Destinations: Countries - France; Regions/Cities - Paris
Categories: Vacation Rentals; Art Trip; Attended GTG; Opera; Sightseeing; Independent Travel; 2 People
Page 1 of 19: Wednesday, 12 September - Arrival and Settling in the Lower Marais
Across the street, on rue du Petit Musc
This starts from rue du Petit Musc, in the Lower Marais, Paris, where we have installed ourselves for what we hope will be a wonderful three weeks séjour.
It was a tiring but, as expected and hoped for, good day. The Air Canada flight was excellent but the food was abominable. Bring food from home when you fly economy with Air Canada. What they served on the vegetarian option tasted like year-old straw and the beef, well, I have a beef with it... Bread was rock-hard, muffins ice-hard. I know we do not travel because of the gourmet airline food, but this was really below any expectation.
We arrived to a somewhat clouded-over Paris and took a taxi to town, with a cheerful, talkative driver. The meter showed €47.50 on arrival (CDG to apartment), plus about €3 for luggage, to which we added the tip. Two years ago, from CDG to rue Pavée, which is on the other side of rue Saint-Antoine, we paid €50. How about consistency, reliability and good service?
A propos, the taxi stand at Terminal 2A is at door 6. And beware the horde of unofficial taxi hackers. There is absolutely no reason to accept their services. We were in an official taxi within minutes from exiting at door 6 directly to the taxi stand.
I called our host from the taxi and we met him at the apartment, where he helped us with the luggage. The famous retrofitted Paris elevators had another success story here: two people who do not mind advanced intimacy can share a ride. Alternatively, one can share the intimacy with one large suitcase or two smaller ones, according to taste... Nevertheless, the real point is: there is an elevator, and without it we wouldn't have rented this apartment which revealed itself to be full of light, with tall windows both to the street and to the courtyard; the vista from these windows with old style, irregular glass, promises many photos of Parisian mansards.
We are mostly settled in: opened the wine that our host prepared for us along with plenty of immediate food necessities and a well provisioned and functioning Nespresso machine; discovered all the plugs and light switches; promptly did some shopping at the Monoprix on Saint-Antoine; priced some wines and marc de Bourgogne at the Nicolas next door; discovered that we can use the TuneIn radio app of my Android tab and Josette’s Archos tab to listen not only to Paris classical radio but even to our Toronto favourite stations; took a short walk in the neighbourhood (rue dela Cerisaie/Blvd. Henri IV/Place de la Bastille/rue Saint-Antoine); and will soon look forward to turning off all lights.
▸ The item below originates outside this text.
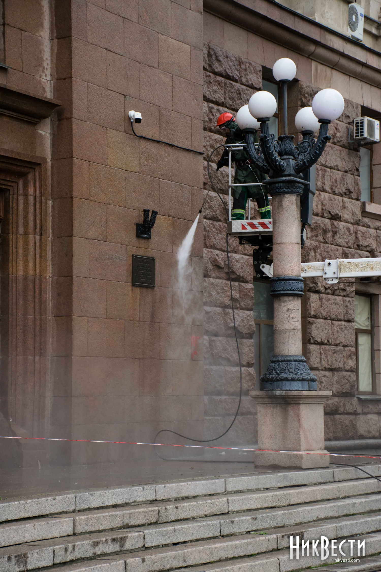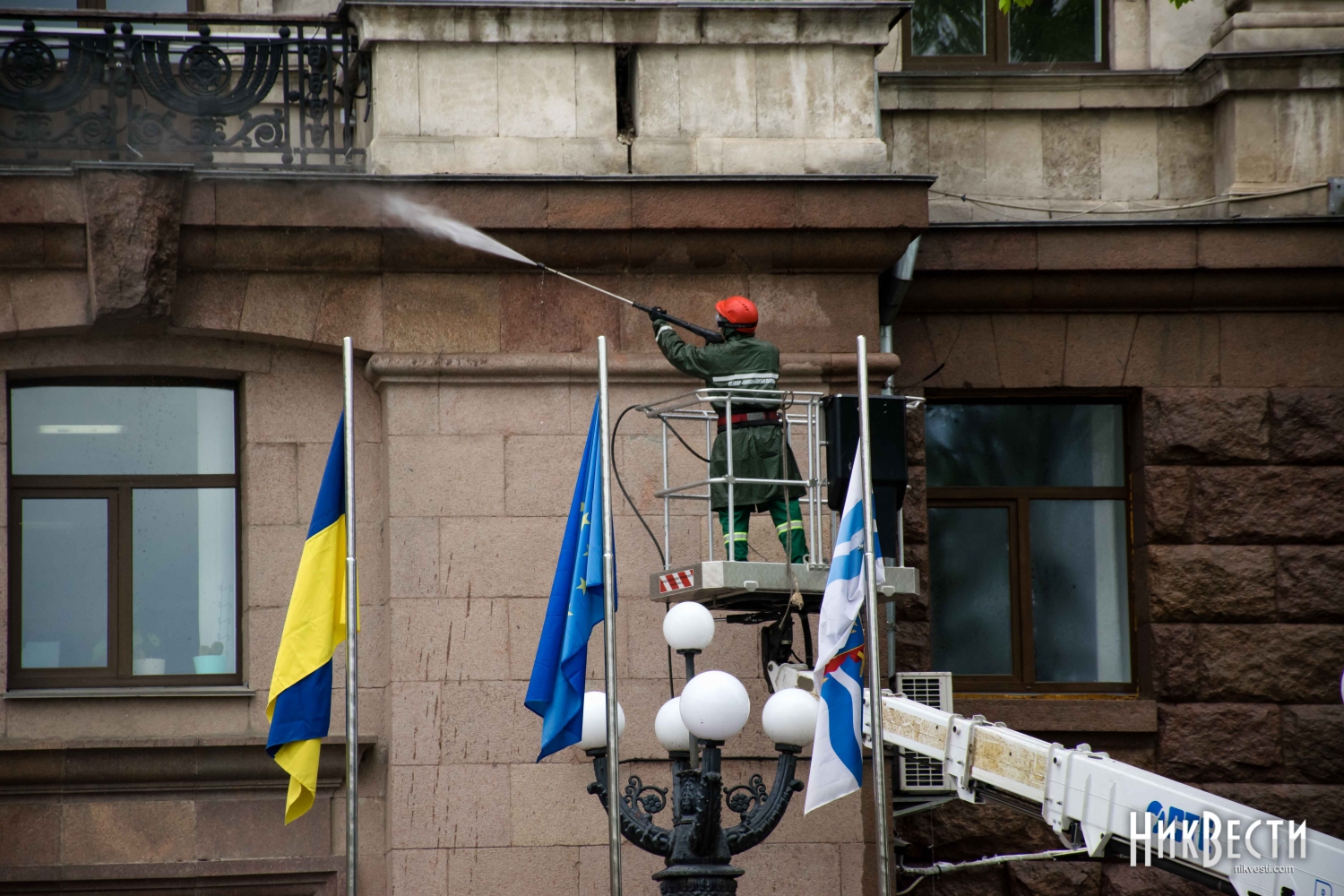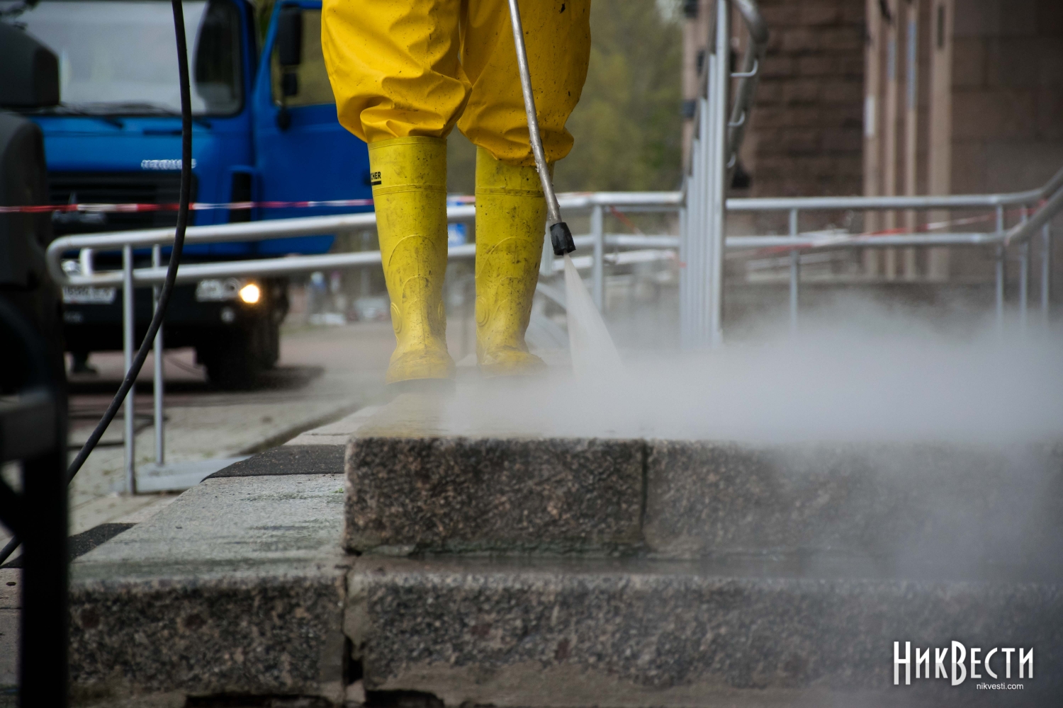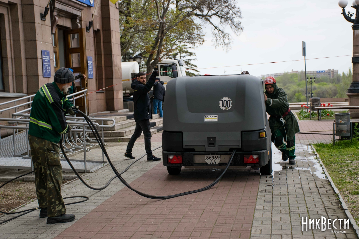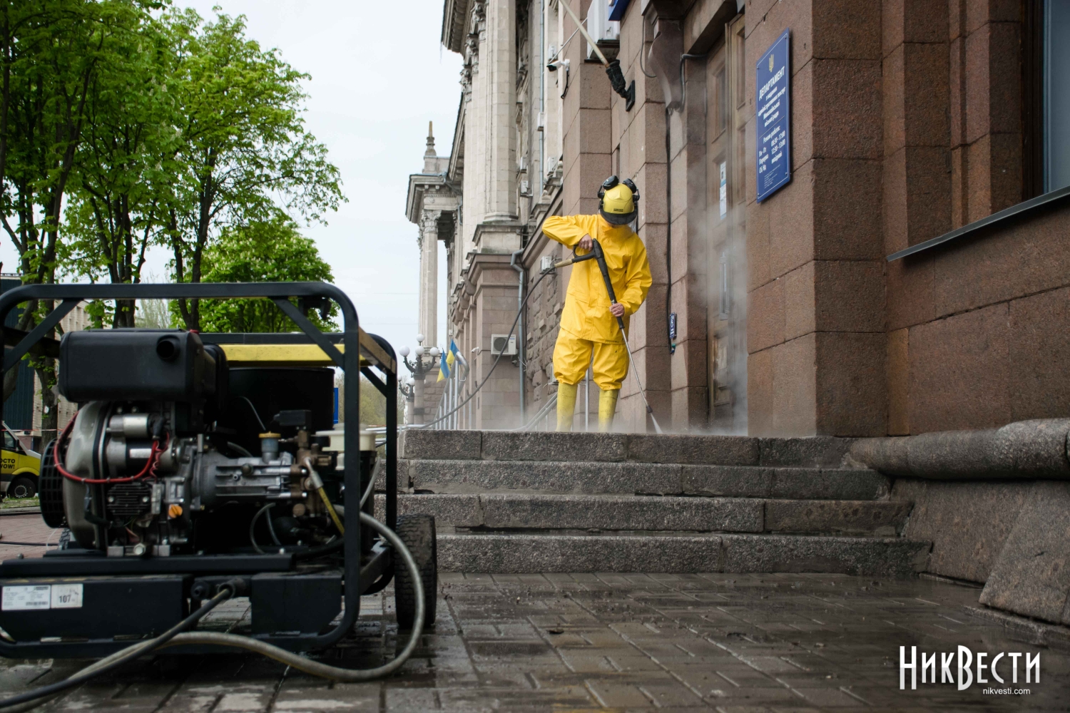 В среду, 26 апреля, в Николаеве стартовал проект очистки города. Городской совет мыли техникой Karcher, которую Николаев планирует закупить в будущем.

The apartment has a large, flat screen Samsung HDTV just like one at home and it has a gazillion of stations. It seems that every single French town with a population of over 10,000 has its own channel! So do all Mediterranean countries: Italy with five, Spain, Germany and Britain with a couple each, Algeria and Turkey with about five stations each, and so on, all around the Mediterranean Basin. Overwhelming! Alas, only one sports station so far.
Looking forward to tomorrow morning, with my favourite start of day in Paris: out early to buy fresh baguettes and some patisseries.